Every great magic trick consists of three acts. The first act is called The Pledge: the magician shows you something ordinary, but of course, it probably isn’t. The second act is called The Turn. The magician makes his ordinary something do something extraordinary. Now, if you’re looking for the secret…you won’t find it. That’s why there’s a third act, called The Prestige. This is the part with the twists and turns, where lives hang in the balance, and you see something shocking you’ve never seen before.
Of course, that’s from another great Christopher Nolan film called The Prestige. But what Nolan does with Inception is nothing short of brilliance. Inception is Nolan showing you these same three acts with such disarming dexterity that if you don’t gape during the end credits then you probably need help.

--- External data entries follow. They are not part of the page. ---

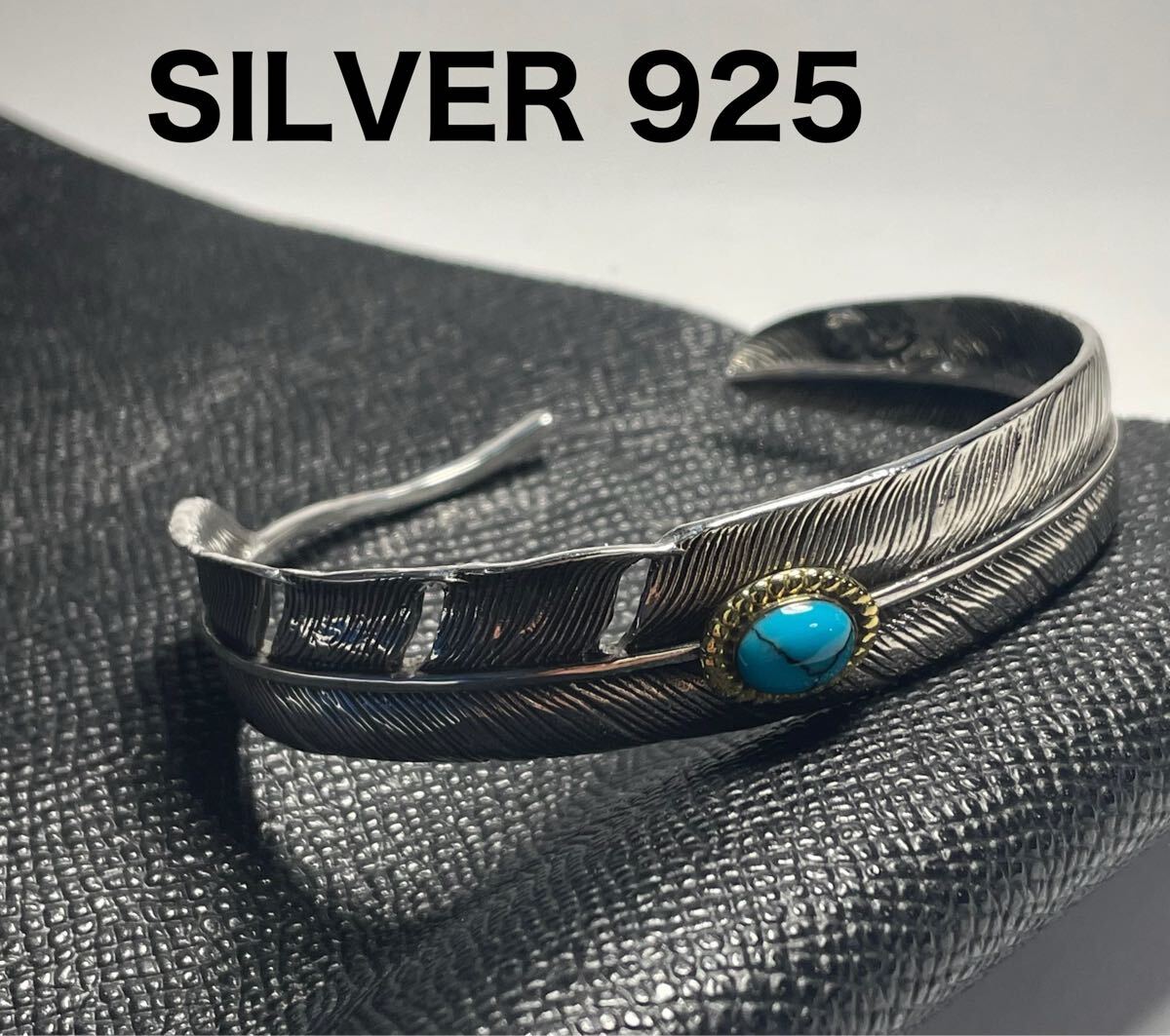 - 232SJA-39-い ターコイズ SILVER925シルバーバングル銀フェザー鷲鷹鳥 羽根ギフト7いb
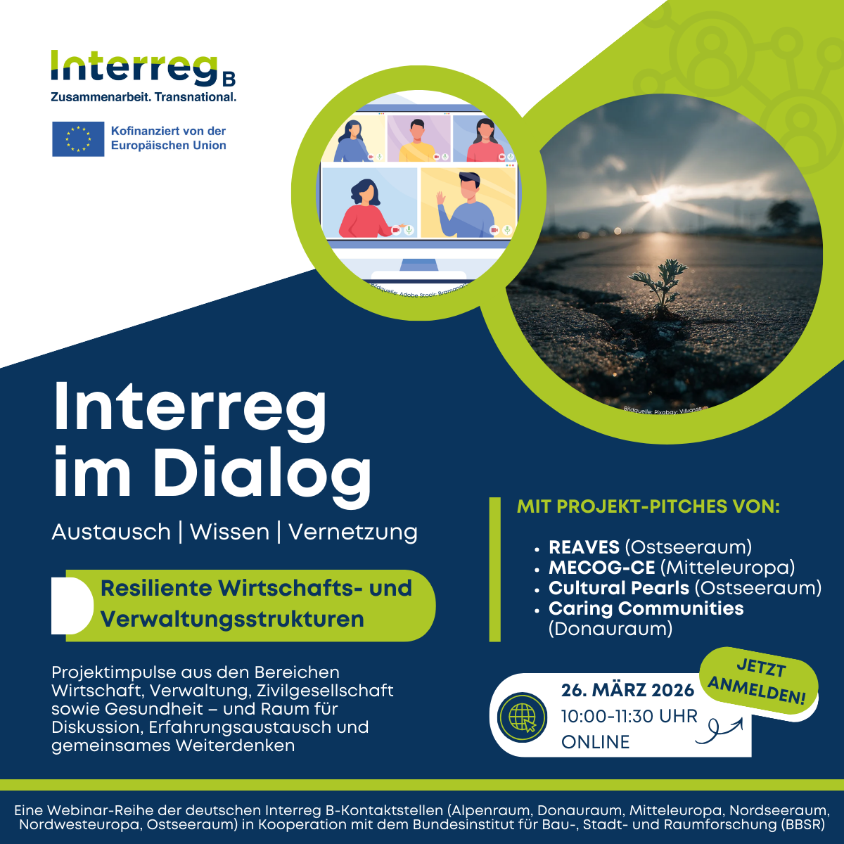 Mit der neuen Webinar-Reihe „Interreg im Dialog – Austausch | Wissen | Vernetzung“ schaffen die deutschen Interreg B-Kontaktstellen gemeinsam mit dem Bundesinstitut für Bau-, Stadt- und Raumforschung (BBSR) eine Plattform für den programmübergreifenden Austausch und laden Sie am 26. März 2026 von 10:00 bis 11:30 Uhr herzlich dazu ein. Im ersten Webinar steht das Thema „Resiliente Wirtschafts- und Verwaltungsstrukturen“ im Mittelpunkt.
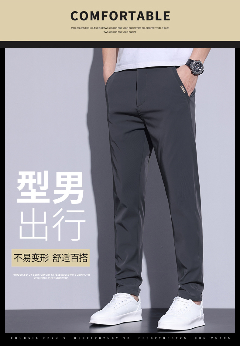 2026 남성용 4방향 신축성 속건 아이스 실크 팬츠 여름용 얇은 스트레이트 스포츠 팬츠 비즈니스 캐주얼 팬츠 신축성 있는 큰 사이즈
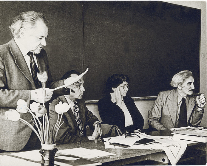 Absolventų diplominių darbų gynimo komisija. Iš kairės: Vladas Žukas, Vincas Auryla (filologas), Genovaitė Raguotienė, Levas Vladimirovas. 1980 m. D. Kauno nuotr.
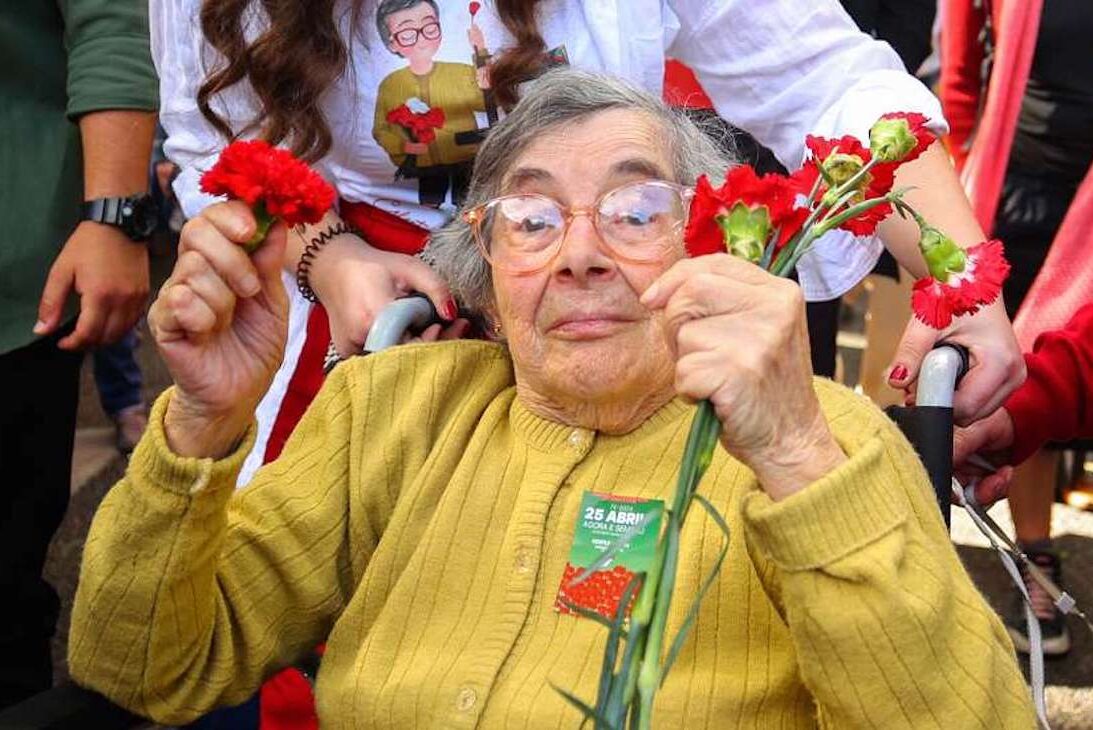 Em 25 de abril de 1974, Celeste Caeiro (1933-2024) ofereceu a um militar um cravo, que este colocou no cano da espingarda, gesto que a mulher repetiu com outros soldados, em Lisboa, e que se tornaria no símbolo da revolução.
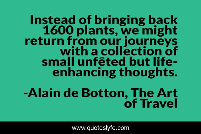 "Alain de Botton, The Art of Travel Quotes." Quoteslyfe.com, 2025. Mon. 08 Dec. 2025. <https://www.quoteslyfe.com/quote/Instead-of-bringing-back-1600-plants-we-136936>.
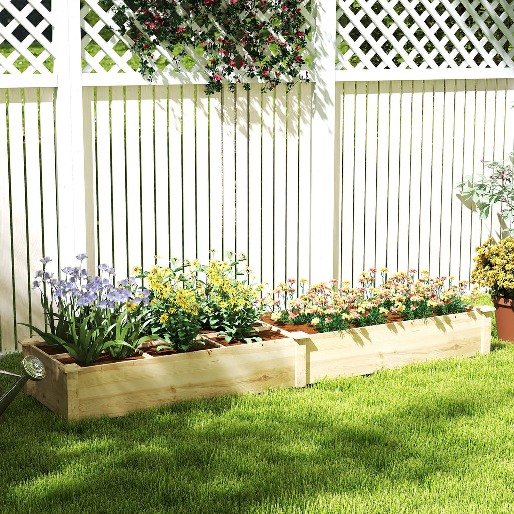 Outsunny Hochbeet, Pflanzkasten, 2-teilig, offener Boden, Naturholzrahmen, einfache Montage, 237 x 60 x 25cm
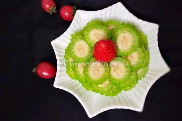 133070浏览 / 107收藏 健康功效 苦瓜:活血化瘀 香蕉:活血化瘀 食材用料 盐 适量 苦瓜酿香蕉的做法1.苦瓜洗净,去头去蒂后,从中间一切两半。2.用筷子或者小勺子,将瓜瓤挖出。3.锅中加少许盐将水煮沸后,把苦瓜倒入煮1—2分钟。4.苦瓜烫好后从锅中捞出过凉水。5.过凉后捞出,轻轻挤净多余水分,香蕉去皮塞进苦瓜中。6.切成薄片。7.浇上蜂蜜,摆盘即可食用。 本菜谱由上传...
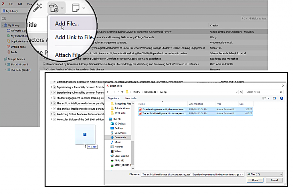 If you are not importing your references into Zotero or another tool immediately, make sure this file goes into a location that you will be able to find–and that you can back up. We also recommend changing the file name to match the project or folder that was exported.
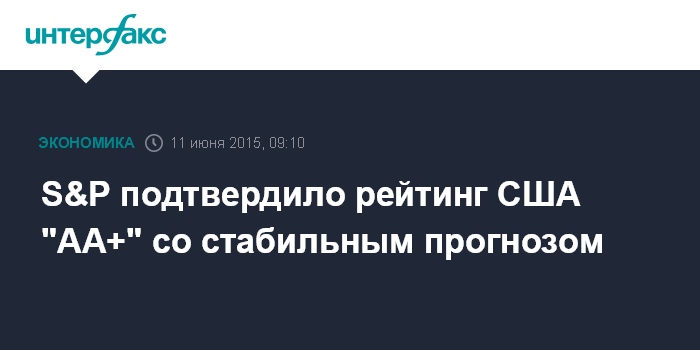 Москва. 11 июня. INTERFAX.RU - Международное рейтинговое агентство Standard & Poor's подтвердило долгосрочный суверенный кредитный рейтинг США на уровне "АА+", краткосрочный - на уровне "А-1+".
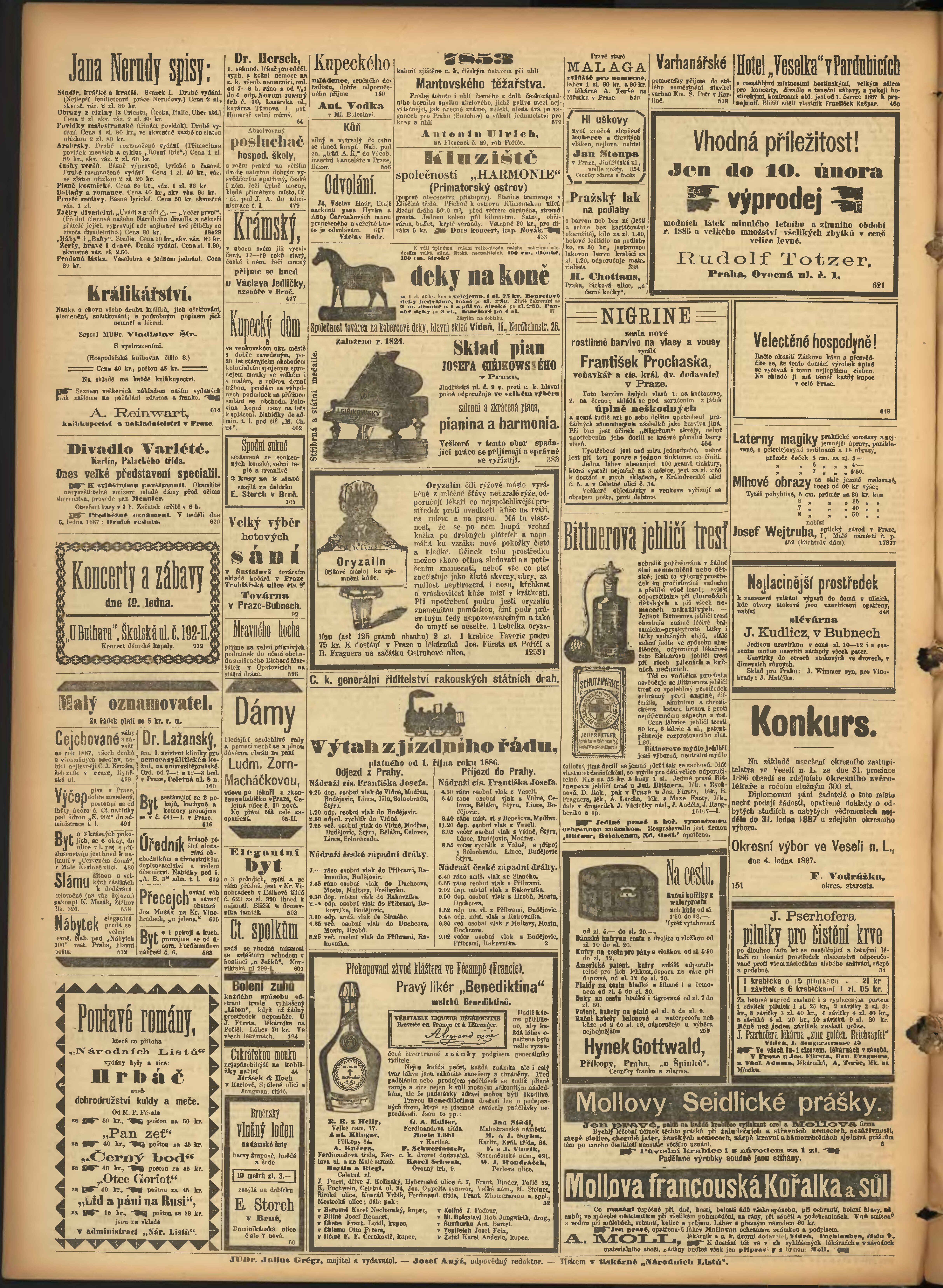 * Datum vydání výtisku: 10.1.1887 Číslo výtisku: 9
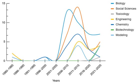 In biology, the number of articles increased significantly between 2006 and 2010, followed by a decline in the following periods: 2011 to 2014, 2016 to 2020, and 2021 to 2025 (Figure 3). However, biology has the highest number of articles among all fields throughout the timeline. The remarkable number of articles in this field can be attributed to the occurrence of the massive Guimaras oil spill that happened in 2006 [34] and other more minor oil spills in the Philippines [12]. Researchers have also explored the ecological impacts of oil spills on various organisms such as shrimp [59], fungi [43], fish, corals, plankton [42], bacteria [41], and phytoplankton [60], as well as the effects of polycyclic aromatic hydrocarbons (PAHs) on aquatic life [55].
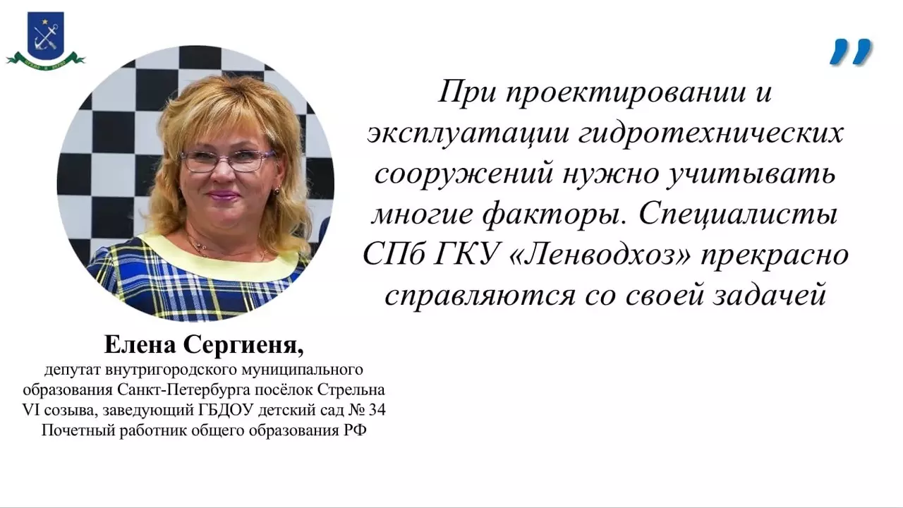 «При проектировании и эксплуатации гидротехнических сооружений нужно учитывать многие факторы. Специалисты СПб ГКУ “Ленводхоз” прекрасно справляются со своей задачей», — благодарит сотрудников СПб ГКУ «Ленводхоз» Елена Сергиеня.
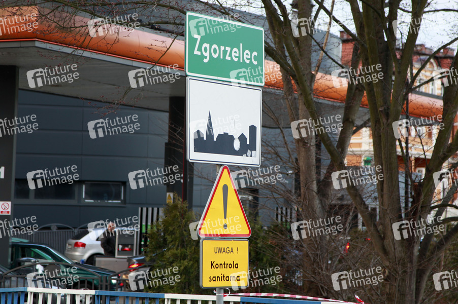 Polnische Spezialkräfte führen am Grenzübergang Stadtbrücke zwischen Görlitz und Zgorzelec Kontrollen auf eine mögliche Coronavirus-Infektion durch. Görlitz, 13.03.2020

First is The Pledge. We are shown something ordinary which probably isn’t all that ordinary. A man is washed ashore probably reminding you of Jason Bourne. Then you slowly get the hint that things are not exactly normal when Nolan jumps across time and offers little pieces of information about his concept that by now you are concentrating really hard to get hold of the happenings.
The concept of creating dreams at will, invading dreams and planting ideas seems all surreal[sic] at first. It’s all simple, stupid and brilliant at the same time that at one point Cobb(Leonardo Di Caprio) asks a matter of fact question,”Do you ever remember the beginning of a dream?” No. Quite similarly, we would like to ask Nolan how this idea originated. We probably know the answer already and we would be tempted to joke with him asking if someone planted this idea in his mind and how it took shape and rose into this gargantuan concept called Inception.
Next comes The Turn. You see the building blocks of the concept for which extraordinary is an understatement. This phase you see through the eyes of Ariadne(Ellen Page) as she is taken under the tutelage of Cobb as the architect of the dreams for their next mission. A million questions pop up in your mind about the mechanics of this world of dreams and Nolan attempts to answer each one of those with lessons to Ariadne(Here is another tangent we can go with – Ariadne in Greek mythology, The House of Asterion, dreams, the thin line between the real world and the artificial world). Who designs the world in these dreams? Who populates them? What happens when the subconscious is disturbed by entering into the conscious realm within a dream? How do you fall without gravity? How do you wake yourself up or when do you realize to wake up? I have to say the totem idea is one masterstroke. All that constitutes The Turn.
Ultimately, for almost the whole of the post interval portion, Nolan shows us The Prestige. Like it says, this is the part with all the twists and turns when the planned mission goes all wrong. This is where lives hang in balance and in some cases, quite literally. There is a subplot throughout the movie, probably the only plot involving a deep character study that till the end, despite the movie’s theme remains emotionally disconnected. Quite the contrary to what it tries to achieve. But as we fall further into the dream scape, this sequence comes alive, and will probably turn into the most heavily discussed portion of the film. That intriguing character becomes the deus ex machina in the larger scheme of things that forms The Prestige.
Inception deserves at least three viewings, maybe even to spot some of those flaws that aren’t obvious the first time. It’s a film that will attract lot of discussions and writings for some time to come and quite deservedly so. Chris Nolan is a magician, he may not be the best director ever -far from it, but he is a visionary. I can’t remember the last time I had such a jolting experience in a movie theater. Inception gave all that and more.